As for what made the cut, the Board of Ed still wants kids to remember the Alamo. And students are still required to learn about “Moses’ influence on the writing of the nation’s founding documents, multiple references to ‘Judeo-Christian’ values and a requirement that students explain how the ‘Arab rejection of the State of Israel has led to ongoing conflict’ in the Middle East,” according to the Dallas Morning News.
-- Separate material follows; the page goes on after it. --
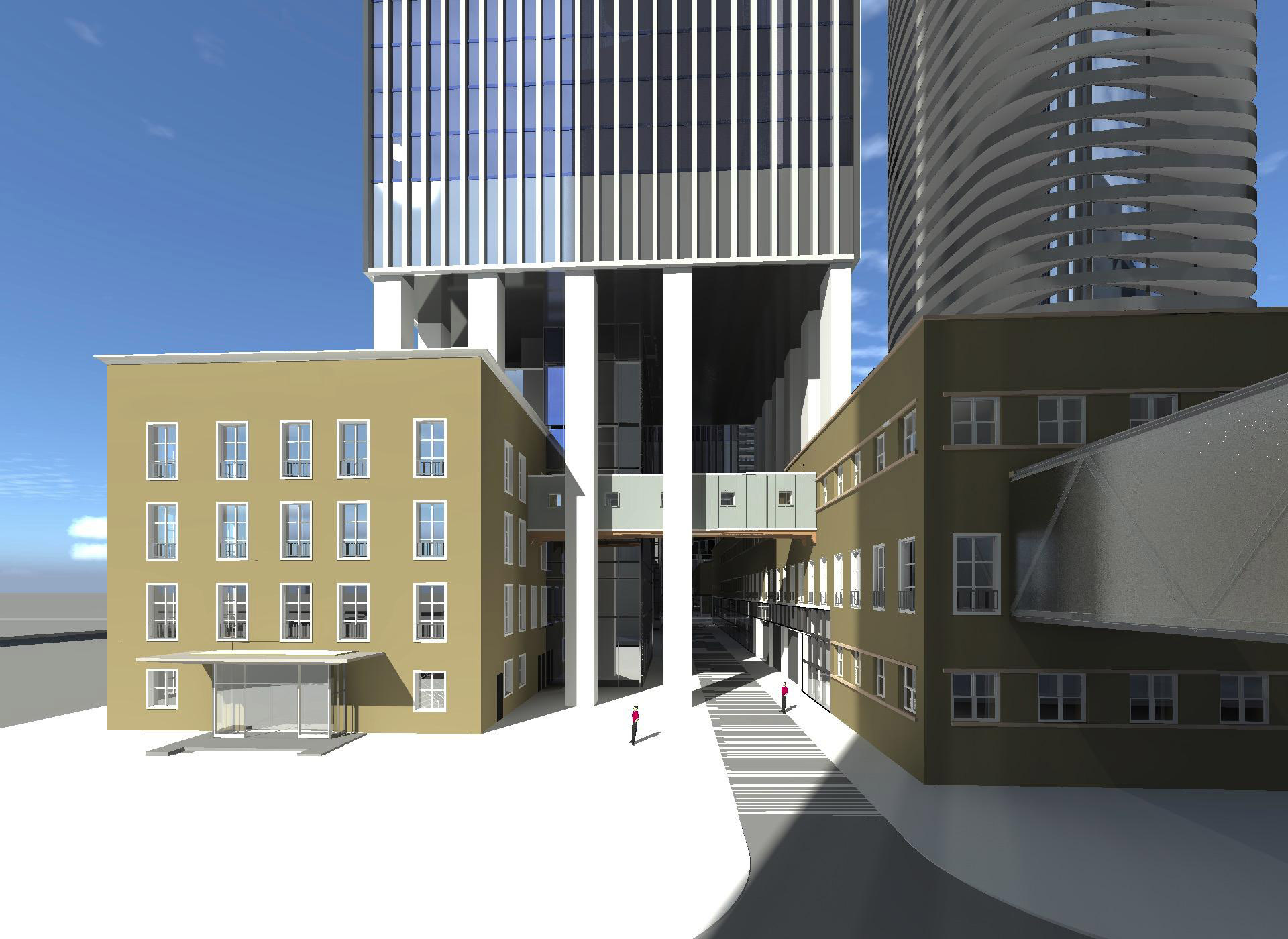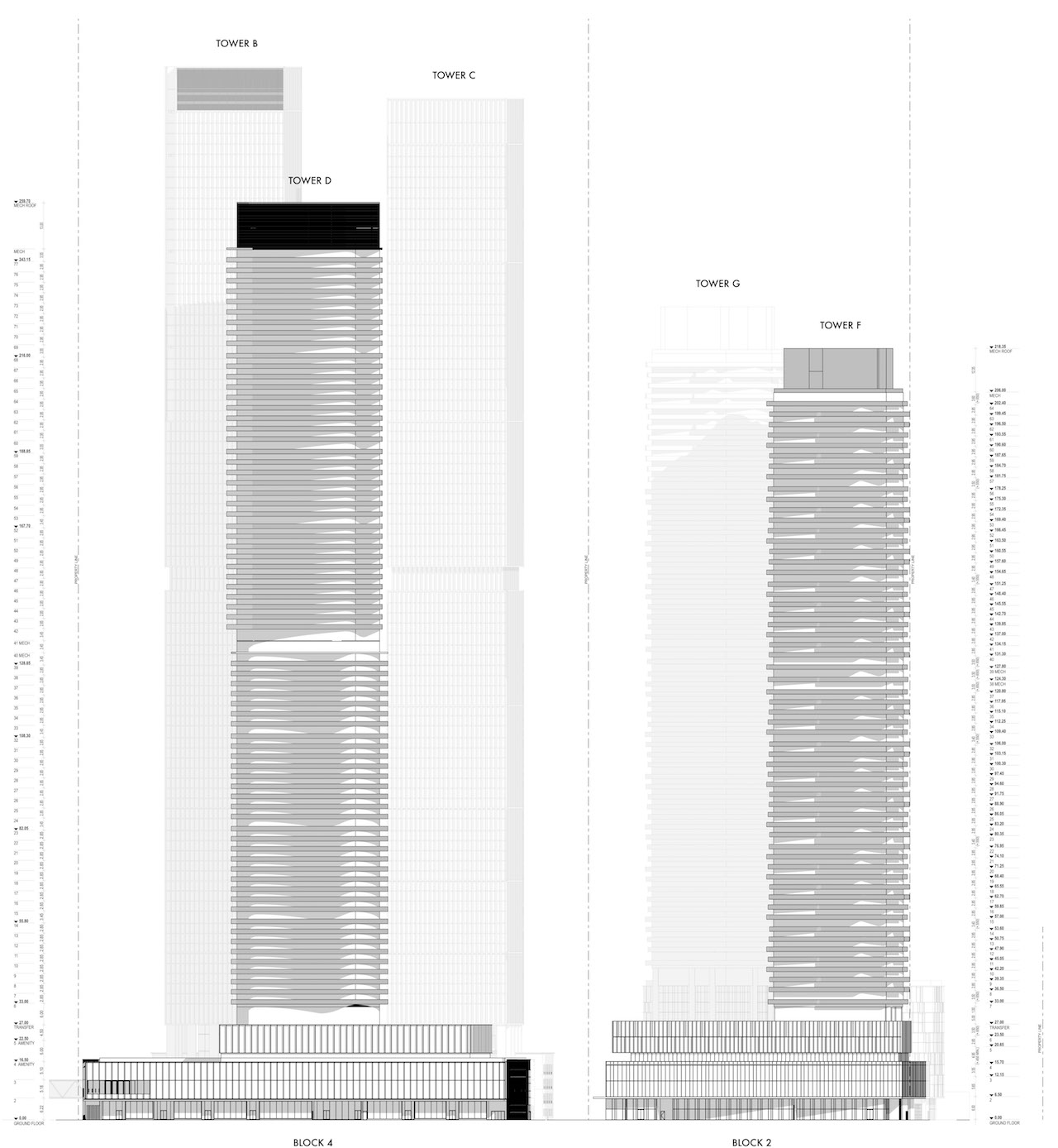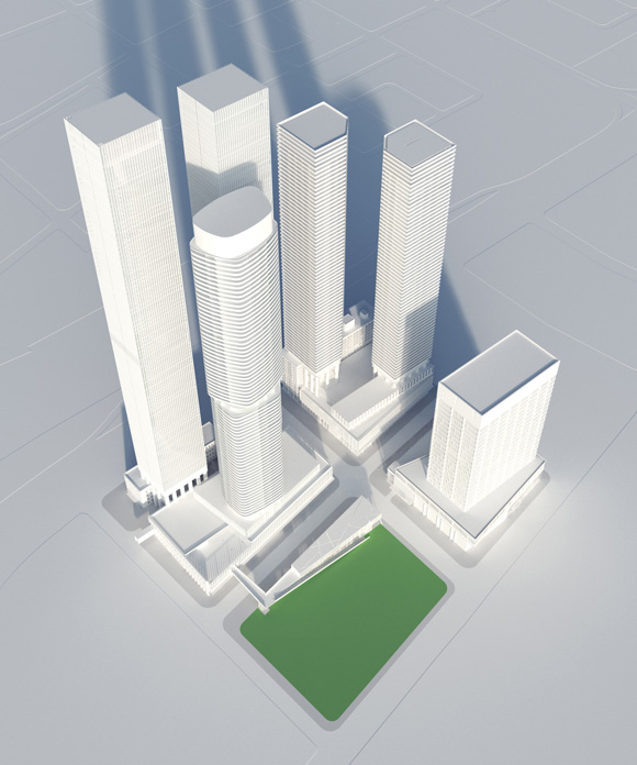 It will have a 24-storey, 642,000 ft2 commercial tower, two 67-storey residential towers with a 9-storey podium containing ground floor retail and a combined GFA of 1,100,000 ft2, four residential towers (62, 67, 72, and 77 storeys) with an 8-storey podium, and a combined GFA of 2,500,000 ft2, and a 3-storey, 50,500 ft2 parking area.
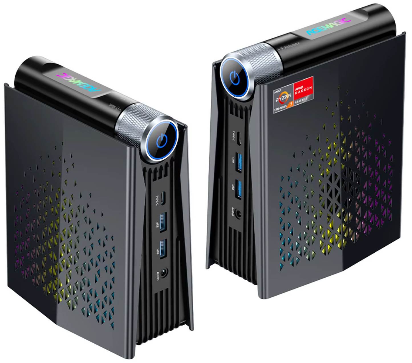 Valószínűleg a valaha készült egyik legegyedibb mini PC-vel van dolgunk, az oldalain RGB világítással, forgatható teljesítmény gombbal.

High school students will find Moses where Thomas Hobbes used to be.

And one woman whose contributions to American history are frequently overlooked and/or misattributed to her friend and ally Cesar Chavez, Dolores Huerta, is getting her due, finally being added to a section on “significant leaders who supported various rights movements, including Martin Luther King Jr. [and] Chavez.”

Two teachers who spoke with the Dallas Morning News said that state requirements for history had grown so vast and cumbersome that students were too busy memorizing dates and names rather than devoting time to “real learning.” As for the process by which the Board of Education Marie Kondo-ed history class, a 15-member group of board-nominated volunteers  came up with a rubric for grading every historical figure to rank who is ‘essential’ to learn and who isn’t.”:

The formula asked questions like, “Did the person trigger a watershed change”; “Was the person from an underrepresented group”; and “Will their impact stand the test of time?”

Keller, mainstay of elementary school classes the nation over, scored a measly seven out of a possible 20 points.

Other significant changes involve not what was taken out but what’s being put in, especially with regard to some of the most seismic events in world history.

For fifth graders, a section on the Civil War will be amended to recognize the “central role of the expansion of slavery in causing the Civil War and other contributing factors including sectionalism and states’ rights.” As the Dallas Morning News reported, “previous language included a list of factors, among them slavery and states’ rights.”

And high school students will now see language about “German invasions of Poland and the Soviet Union, the Holocaust, the attack on Pearl Harbor, the Normandy landings, and the dropping of the atomic bombs” in the section on “the major causes and events of World War II.”